Berchtesgaden – Facebook, Twitter, Instagram: Wenn Sepp Wurm, Social-Media-Manager bei der Berchtesgadener Land Tourismus GmbH (BGLT), seine Arbeit macht, ist er größtenteils online unterwegs. Er betreut die BGLT-Webseite, schreibt für den hauseigenen Blog über Tourismusthemen und geht auch in seiner Freizeit gerne auf den Berg.

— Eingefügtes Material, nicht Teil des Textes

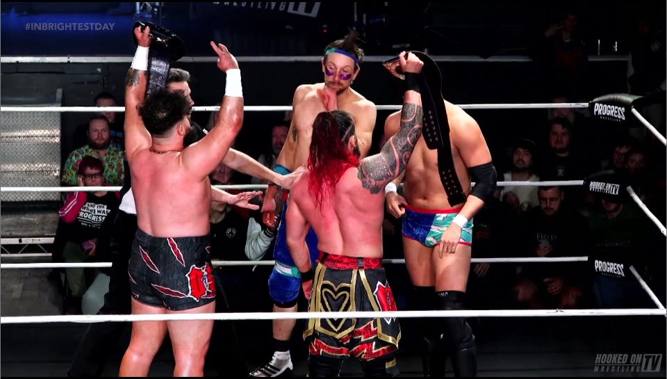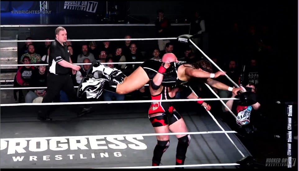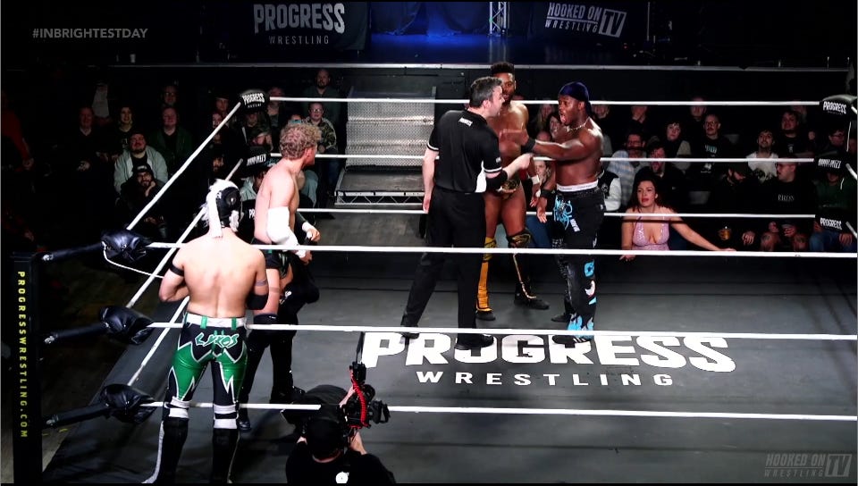 The continued breakdown of Lykos Gym, and the aftermath of the big schmozz at the last show which saw open discord between DeReiss and Kid Lykos. DeReiss and Oku teamed on a PROGRESS adjacent DEFY show at Mania week back in Philadelphia but this is their first time together in the PROGRESS proper. Lykos isn’t especially dressed to wrestle until he takes his jacket off. Across three entrances and the slow start to the match this is the first dip in the shows pacing. Not in a bad way, although Lykos is entirely in the dark when he heads to the floor. Classic shithousery from the ‘Shitwolf’. Actual wrestling breaks out once Lykos II takes over. Some clever detailing from Lykos working behind his own partners back. The general pace of the action is very high, very fluent. DeReiss and Oku have some miscommunication which leads to Oku getting knocked into Amira on the outside. This opens things up for Lykos to hit DeReiss with the unprotected elbow guard for a cheap win.

Tolle Bilder, Wandertipps, Themen mit Lokalkolorit: Sepp Wurm weiß, was den Nutzern des Online-Auftritts der BGLT gefällt. Nicht nur dort ist er aktiv. Er betreut auch die diversen BGLT-Kanäle innerhalb der sozialen Netzwerke: »Unserem damaligen Chef Stefan Köhl war Onlinepräsenz immer sehr wichtig.« In der BGLT ist man dabei geblieben. Den sozialen Netzwerken wird eine große Aufmerksamkeit geschenkt. So kann man mittlerweile behaupten, dass allein dem Facebook-Auftritt über 55 000 Fans folgen. Man stehe gut da, allerdings schlafe die Konkurrenz nicht. Seit einem Jahr ist die BGLT auch bei Instagram vertreten. Dort geht es vor allem um schöne Bilder, die Interaktion der Nutzer ist sehr hoch. Hundertfach werden Fotos mit einem »Herz«, dem Instagram-«Gefällt mir«, bedacht. 4 900 Abonnenten sind es mittlerweile. Nicht mehr ganz so »in« ist hingegen Twitter, der Kurznachrichtendienst, über den man sogenannte Tweets mit aktuell maximal 140 Zeichen versenden kann. Bilder sind möglich, kurze Videos ebenso. Allerdings ist die Interaktion seitens der Nutzer eher bescheiden, sagt Sepp Wurm.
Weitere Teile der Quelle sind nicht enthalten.